Not sure I configured the performance monitor right, but I got some SHITTY performance just now in BF3. Couldn't run the game on HIGH with 5850s XF'd, and even MEDIUM was choppier than it is on a single 5850. Performance monitor shows some SERIOUS spikes in CPU (up to about 70) and a 100 max out of one line which I believe is page faults. To be honest I'd have to do it again to clean up the graphs as I didn't set it up properly.

Right now, sadly, it seems the only game that really likes having the second GPU and shows no adverse effects (stuttering, chop, graphical glitches) is Crysis 2. It just runs like a dream in ULTRA with the high-res textures.
 

NP Complete

Member
Jul 16, 2010
57
0
0
Lots of page faults could be a driver issue.

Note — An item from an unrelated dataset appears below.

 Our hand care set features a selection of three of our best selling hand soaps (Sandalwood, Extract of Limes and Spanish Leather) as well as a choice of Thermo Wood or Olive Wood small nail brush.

I'll try to capture my performance metrics tonight at home, and perhaps comparing our performance metrics will help pinpoint the issue on your system.
 

Makaveli

Diamond Member
Feb 8, 2002
4,761
1,160
136
The only thing missing is you never mentioned which Ati drivers you are using?
I can play BF3 on high with ultra textures and FXAA and get great fps.Something else is going on with your system if you cannot play at medium with 5850 xfire.

What temps are your videocards hitting under full load?

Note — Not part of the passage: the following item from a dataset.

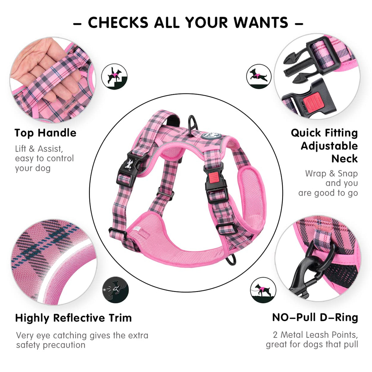 EASY TO GET ON/OFF: This no pull harness has the snap buckle in for both the body and neck so it makes it so much easier to put on and off. NO need fight dog's head to slip in the harness won

Most current DX version installed?

What apps are running in the background while playing?
 

ptg

Junior Member
Mar 19, 2012
1
0
0
A couple quick things that wont hurt to check:

I had this problem in TF2 a while back..not sure if your stuttering is similar but fwiw I used a -heapsize command adjusted to the amount of RAM I have (6GB) which basically fixed the heavy stuttering problem. I'm not sure if BF3 has something similar?

Also another thing that was hurting performance (causing chopping) was vsync was disabled so fps was going much higher than my monitor's refresh rate.